BTW, current docs already show a way to get a uniform distribution across the entire range of representable doubles in [0, 1):

https://docs.python.org/3/library/random.html#recipes

[amrali-eg]

Here is my code showing the bias:

import numpy as np
from random import random

def significand(xs: np.float64):
    ss = np.abs(xs).view(np.uint64) & (2**52 - 1)
    return ss

bits = 8
counters = [0] * bits
lst = []
for x in range(100000):
    lst.append(random())

xs = np.array(lst, dtype='float64')
ss = significand(xs)
for x in range(100000):
    mantissa = int(ss[x])
    for j in range(bits):
        counters[j] += (mantissa >> j) & 1
for c in counters:
    print(c)

Here is a sample output

25143
37622
43724
47063
48531
49187
49664
49867

My explanation:
dividing even number by a power of 2, causing shift of mantissa bits to the left, leaving right 0's. So, I thought it is better to avoid even numbers, and only use odd numbers to prevent that behavior.

Sorry if I flooded this discussion.
Thanks for your time

[tim-one]

ss = np.abs(xs).view(np.uint64) & (2**52 - 1)

is extracting the last 52 bits of the raw double storage format. As before, there's no reason to expect that to be uniformly distributed. To the contrary, it "should be" highly skewed.

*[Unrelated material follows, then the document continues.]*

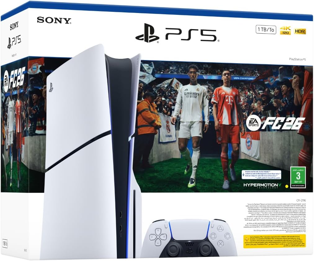 سوني بلايستيشن 5 جهاز تشغيل أقراص بلو راي (نسخة السعودية) مع ذراع تحكم و مجموعة لعبة فيديو FC26

Let's look at the last byte instead, sticking to built-in Python functions:

    from random import random
    from collections import defaultdict
    counters = defaultdict(int)
    for x in range(1000000):
        r = random()
        string = r.hex() # e.g., '0x1.c000000000000p+3'
        i = string.index('p')
        lastbyte = string[i - 1]
        counters[lastbyte] += 1
    for byte, c in sorted(counters.items()):
        print(byte, c)

with highly skewed output:

0 187891
1 31447
2 62451
3 31247
4 93683
5 31066
6 62588
7 31030
8 125074
9 31042
a 62429
b 31676
c 93564
d 31127
e 62338
f 31347

[amrali-eg]

Finally :)

import random
from collections import defaultdict

def unbiased_random():
    return (random.getrandbits(53) | 1) / 9007199254740992.0

counters = defaultdict(int)
for x in range(1000000):
    #r = random.random()
    r = unbiased_random()
    string = r.hex() # e.g., '0x1.c000000000000p+3'
    i = string.index('p')
    lastbyte = string[i - 1]
    counters[lastbyte] += 1
for byte, c in sorted(counters.items()):
    print(byte, c)

A nice uniform distribution:

0 62907
1 62211
2 62538
3 62681
4 62223
5 62398
6 62230
7 62183
8 62914
9 62635
a 62780
b 62323
c 62133
d 62253
e 62846
f 62745

[github-actions]

This PR is stale because it has been open for 30 days with no activity. If the CLA is not signed within 14 days, it will be closed. See also https://devguide.python.org/pullrequest/#licensing

[sweeneyde]

On one hand, this changes the expected value of random() from 1/2 - 2**-54 to 1/2 exactly:

from statistics import mean
>>> mean(x/4 for x in range(4)) # 3/8
0.375
>>> mean(x/8 for x in range(8)) # 7/16
0.4375
>>> mean(x/2**26 for x in range(2**26)) # (2**26-1)/2**27
0.4999999925494194
>>> mean((x|1)/4 for x in range(4))
0.5
>>> mean((x|1)/8 for x in range(8))
0.5
>>> mean((x|1)/2**26 for x in range(2**26))
0.5

# On my hypothetical superfast computer
>>>>>> mean(x/2**53 for x in range(2**53)) # (2**53-1)/2**54
0.49999999999999994
>>>>>> math.nextafter(0.5, 0.0)
0.49999999999999994
>>>>>> mean((x|1)/2**53 for x in range(2**53)) # (2**53-1)/2**54
0.5

On the other hand, it makes 0.0 impossible, which probably isn't ideal.

>>> (0 | 1) / 9007199254740992.0
1.1102230246251565e-16

Consistency across versions and implementations and the one less bit of entropy per float feel like more issues to me though, so my suggestion would be to leave the code as is. Anyone needing integer precision should use integer operations.

[tim-one]

I'm closing this, because there's really no chance it would be adopted. As mentioned before, we'd need extremely strong reason to change what random() returns across releases, and there's at best a weak "theoretical wish list" kind of benefit here, but also stronger drawbacks.

Note that while the mean would theoretically (although probably not measurably, in our lifetime) become 0.5, it would no longer be possible for random() to return 0.5. Or 0.25, 0.75, 0.125, or any other rational of the form I / 2**53 for I in range(0, 2**53, 2). It's not just 0.0 that would vanish from the possible outputs. Of course half the possible outputs would vanish regardless, but this systemically excludes the "simplest" outputs.